About this exercise — The copy you produce must repeat each record exactly and contain no pictures.

[Stored entries]

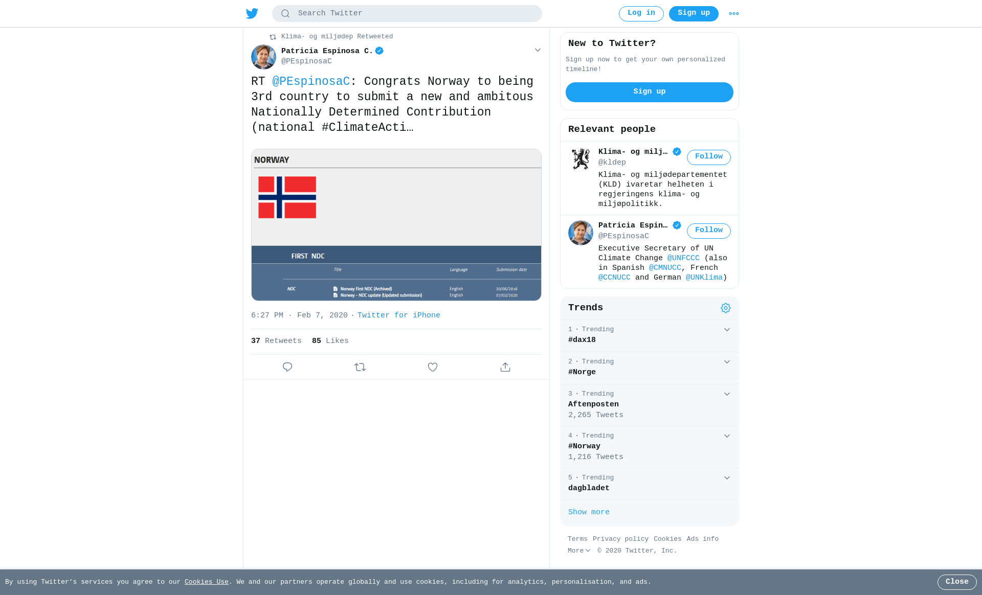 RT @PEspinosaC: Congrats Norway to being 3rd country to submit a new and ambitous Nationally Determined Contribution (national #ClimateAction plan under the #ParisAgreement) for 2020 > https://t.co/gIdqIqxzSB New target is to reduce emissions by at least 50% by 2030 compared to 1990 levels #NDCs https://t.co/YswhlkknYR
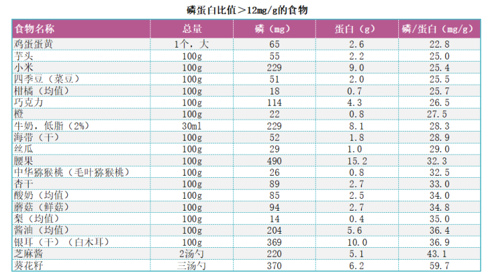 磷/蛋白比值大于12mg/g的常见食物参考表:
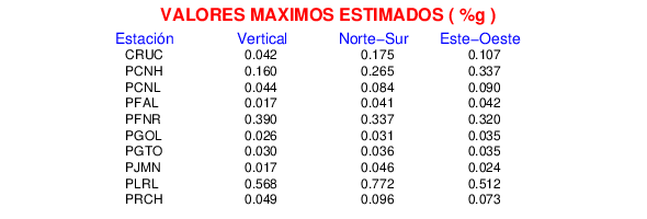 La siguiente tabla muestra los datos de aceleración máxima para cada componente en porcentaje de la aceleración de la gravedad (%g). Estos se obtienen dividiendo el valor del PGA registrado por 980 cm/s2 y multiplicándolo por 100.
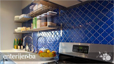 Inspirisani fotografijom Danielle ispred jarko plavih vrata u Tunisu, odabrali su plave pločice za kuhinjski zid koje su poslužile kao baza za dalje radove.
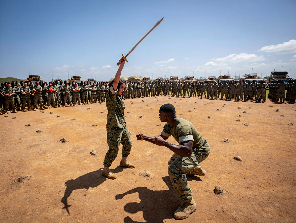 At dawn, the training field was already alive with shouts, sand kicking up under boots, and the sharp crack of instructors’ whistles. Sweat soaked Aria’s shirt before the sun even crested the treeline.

Written solution —
 RT @PEspinosaC: Congrats Norway to being 3rd country to submit a new and ambitous Nationally Determined Contribution (national #ClimateAction plan under the #ParisAgreement) for 2020 > https://t.co/gIdqIqxzSB New target is to reduce emissions by at least 50% by 2030 compared to 1990 levels #NDCs https://t.co/YswhlkknYR
 磷/蛋白比值大于12mg/g的常见食物参考表:
 La siguiente tabla muestra los datos de aceleración máxima para cada componente en porcentaje de la aceleración de la gravedad (%g). Estos se obtienen dividiendo el valor del PGA registrado por 980 cm/s2 y multiplicándolo por 100.
 Inspirisani fotografijom Danielle ispred jarko plavih vrata u Tunisu, odabrali su plave pločice za kuhinjski zid koje su poslužile kao baza za dalje radove.
 At dawn, the training field was already alive with shouts, sand kicking up under boots, and the sharp crack of instructors’ whistles. Sweat soaked Aria’s shirt before the sun even crested the treeline.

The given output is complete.